TASK INSTRUCTIONS >> Up to and including the line that holds "6月18日市民交流センターに", print the data exactly from its first line; do not print the pictures.

─── DATA FOR REVIEW ───

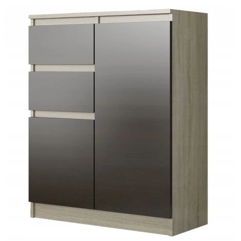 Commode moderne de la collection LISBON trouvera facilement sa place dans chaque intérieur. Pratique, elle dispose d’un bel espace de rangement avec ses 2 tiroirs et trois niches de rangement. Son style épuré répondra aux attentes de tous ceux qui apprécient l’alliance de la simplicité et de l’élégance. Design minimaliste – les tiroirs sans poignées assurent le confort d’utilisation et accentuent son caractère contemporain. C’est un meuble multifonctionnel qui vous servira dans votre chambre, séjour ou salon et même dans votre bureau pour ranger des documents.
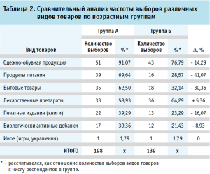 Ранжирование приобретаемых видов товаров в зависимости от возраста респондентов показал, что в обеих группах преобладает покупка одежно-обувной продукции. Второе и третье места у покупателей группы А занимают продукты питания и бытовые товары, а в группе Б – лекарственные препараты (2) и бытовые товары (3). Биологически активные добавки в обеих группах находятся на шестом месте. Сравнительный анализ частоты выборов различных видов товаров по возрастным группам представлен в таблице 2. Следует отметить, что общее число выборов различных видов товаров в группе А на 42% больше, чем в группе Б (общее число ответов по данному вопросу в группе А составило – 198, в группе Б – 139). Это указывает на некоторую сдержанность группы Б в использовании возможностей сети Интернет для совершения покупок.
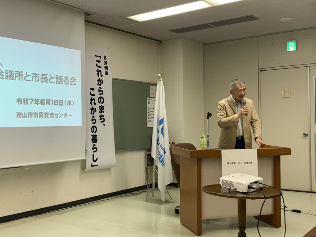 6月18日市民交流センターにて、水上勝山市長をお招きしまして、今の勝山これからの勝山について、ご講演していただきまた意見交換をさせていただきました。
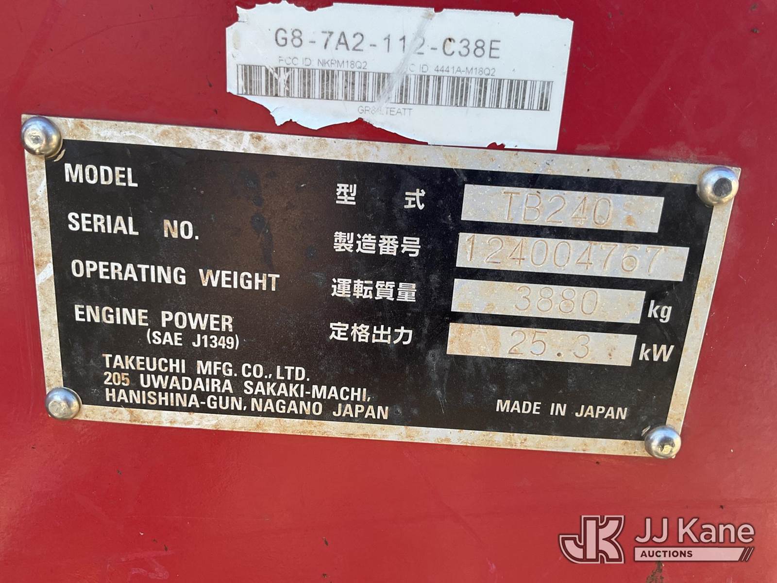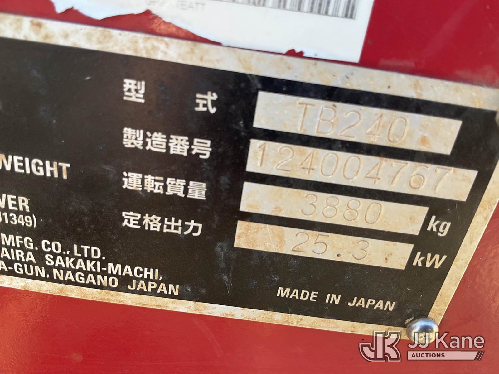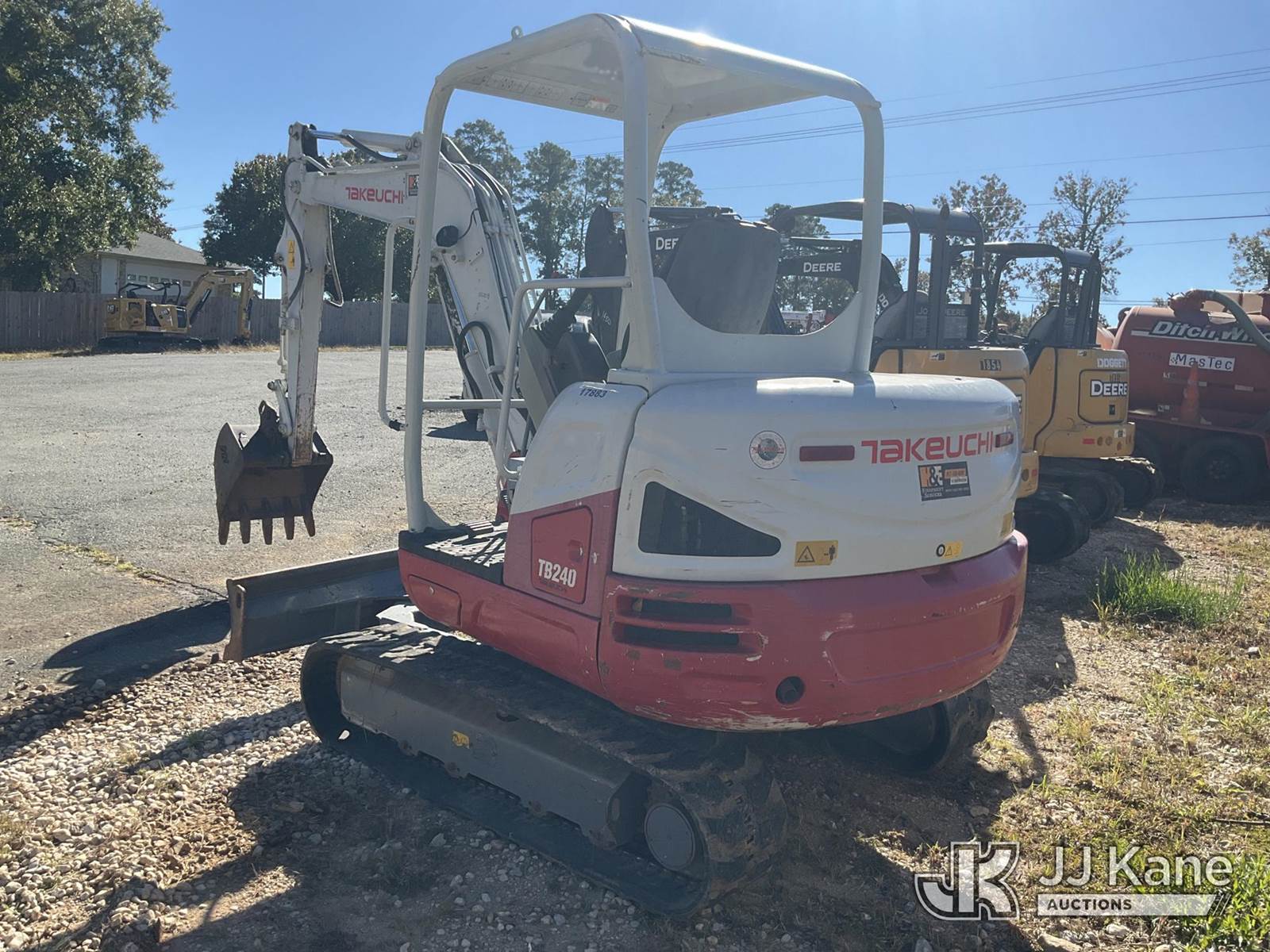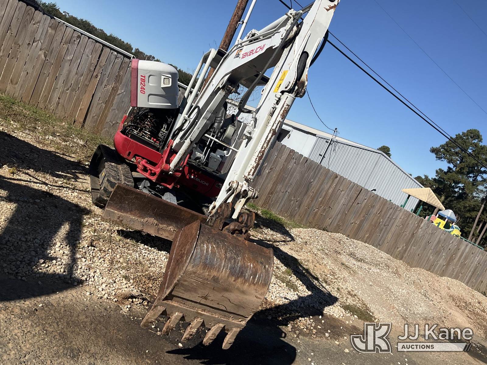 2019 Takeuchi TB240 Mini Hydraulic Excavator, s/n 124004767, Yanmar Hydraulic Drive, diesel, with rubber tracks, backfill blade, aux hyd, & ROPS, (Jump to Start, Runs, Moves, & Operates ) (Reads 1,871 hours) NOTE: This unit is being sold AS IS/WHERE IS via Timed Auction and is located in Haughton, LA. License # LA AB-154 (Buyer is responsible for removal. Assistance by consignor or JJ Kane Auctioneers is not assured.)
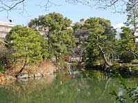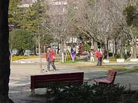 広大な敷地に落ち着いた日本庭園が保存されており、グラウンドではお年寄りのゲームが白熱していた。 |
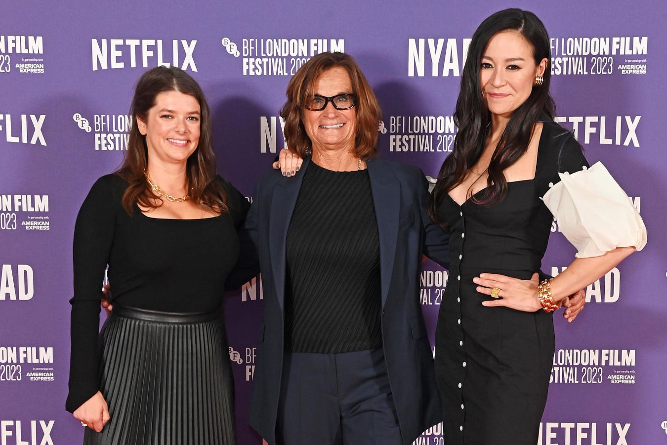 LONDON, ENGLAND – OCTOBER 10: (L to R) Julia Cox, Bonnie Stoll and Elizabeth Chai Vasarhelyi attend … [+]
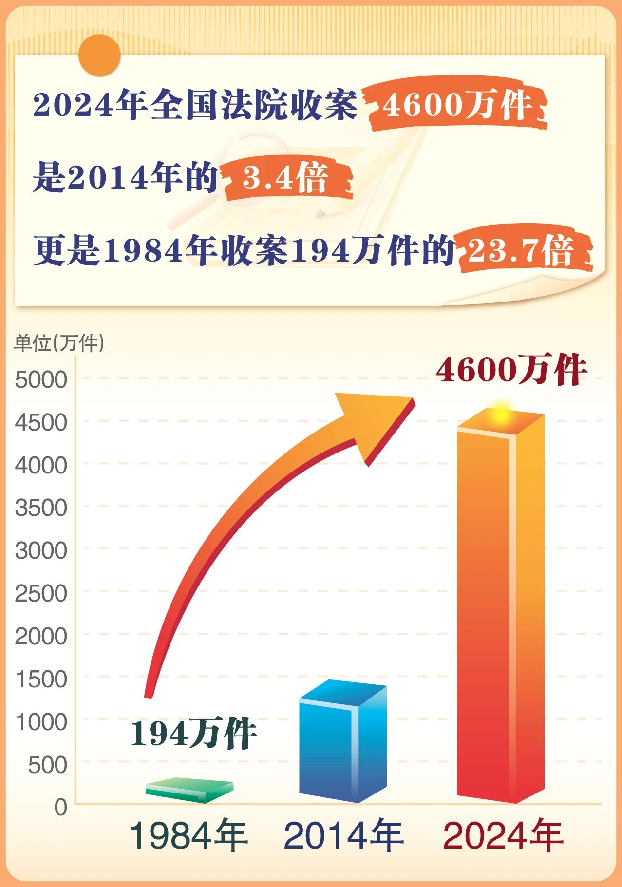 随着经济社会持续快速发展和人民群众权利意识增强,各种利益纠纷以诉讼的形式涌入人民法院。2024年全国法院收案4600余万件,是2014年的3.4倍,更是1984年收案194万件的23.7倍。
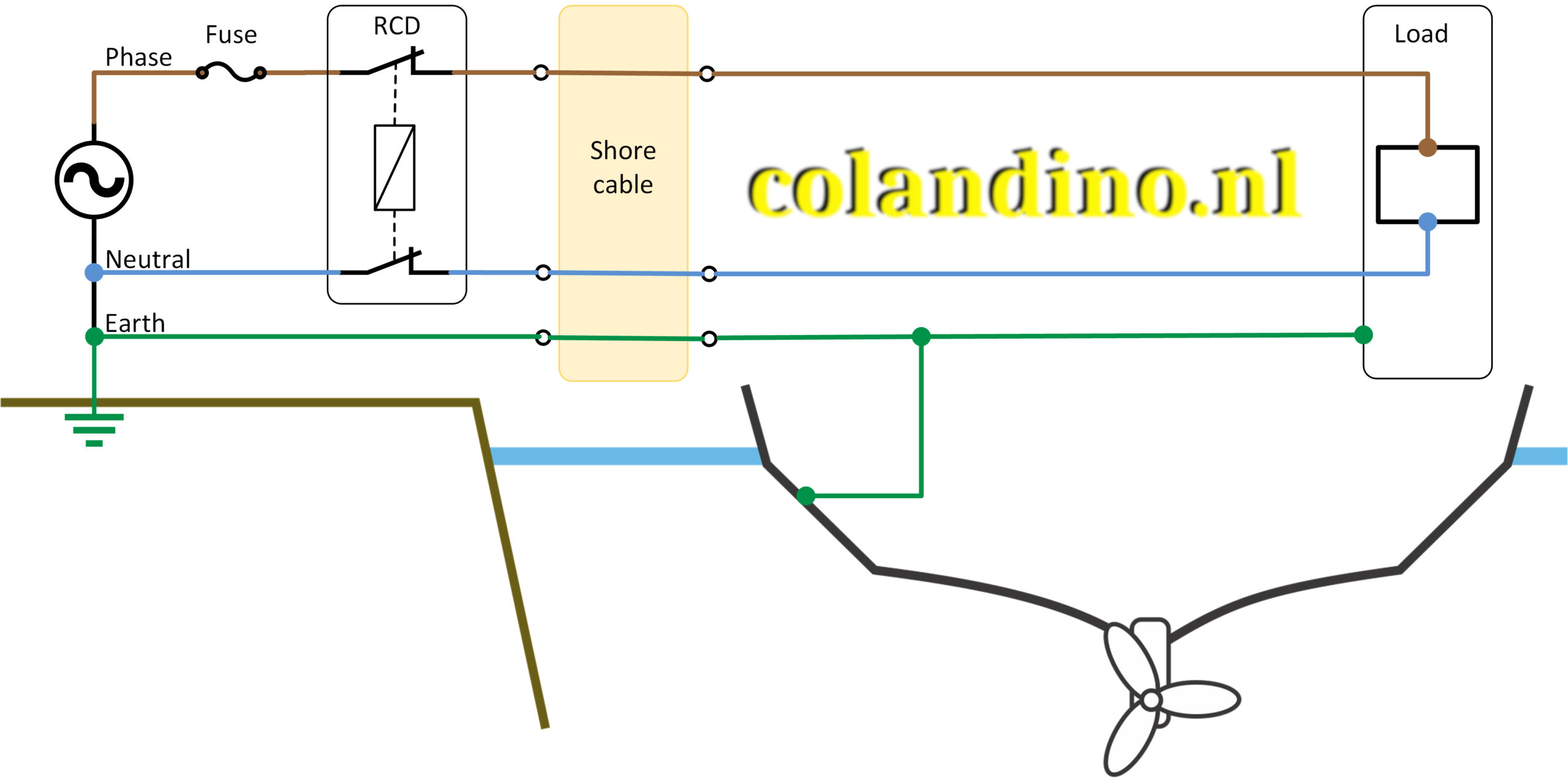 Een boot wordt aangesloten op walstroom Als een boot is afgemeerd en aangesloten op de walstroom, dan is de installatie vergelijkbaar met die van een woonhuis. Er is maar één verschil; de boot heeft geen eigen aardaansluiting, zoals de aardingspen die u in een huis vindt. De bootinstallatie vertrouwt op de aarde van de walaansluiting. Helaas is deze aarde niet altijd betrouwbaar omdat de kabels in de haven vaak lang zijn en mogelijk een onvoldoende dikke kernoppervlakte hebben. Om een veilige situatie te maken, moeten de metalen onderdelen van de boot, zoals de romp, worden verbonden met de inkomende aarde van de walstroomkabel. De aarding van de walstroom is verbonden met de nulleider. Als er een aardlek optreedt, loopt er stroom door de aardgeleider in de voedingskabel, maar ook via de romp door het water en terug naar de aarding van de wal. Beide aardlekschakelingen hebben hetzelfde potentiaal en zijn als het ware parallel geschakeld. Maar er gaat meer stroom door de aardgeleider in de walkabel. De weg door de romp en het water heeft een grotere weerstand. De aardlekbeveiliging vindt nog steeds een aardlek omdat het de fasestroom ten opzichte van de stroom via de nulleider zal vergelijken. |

───

SOLUTION FOR THIS PROBLEM >>
 Commode moderne de la collection LISBON trouvera facilement sa place dans chaque intérieur. Pratique, elle dispose d’un bel espace de rangement avec ses 2 tiroirs et trois niches de rangement. Son style épuré répondra aux attentes de tous ceux qui apprécient l’alliance de la simplicité et de l’élégance. Design minimaliste – les tiroirs sans poignées assurent le confort d’utilisation et accentuent son caractère contemporain. C’est un meuble multifonctionnel qui vous servira dans votre chambre, séjour ou salon et même dans votre bureau pour ranger des documents.
 Ранжирование приобретаемых видов товаров в зависимости от возраста респондентов показал, что в обеих группах преобладает покупка одежно-обувной продукции. Второе и третье места у покупателей группы А занимают продукты питания и бытовые товары, а в группе Б – лекарственные препараты (2) и бытовые товары (3). Биологически активные добавки в обеих группах находятся на шестом месте. Сравнительный анализ частоты выборов различных видов товаров по возрастным группам представлен в таблице 2. Следует отметить, что общее число выборов различных видов товаров в группе А на 42% больше, чем в группе Б (общее число ответов по данному вопросу в группе А составило – 198, в группе Б – 139). Это указывает на некоторую сдержанность группы Б в использовании возможностей сети Интернет для совершения покупок.
 6月18日市民交流センターにて、水上勝山市長をお招きしまして、今の勝山これからの勝山について、ご講演していただきまた意見交換をさせていただきました。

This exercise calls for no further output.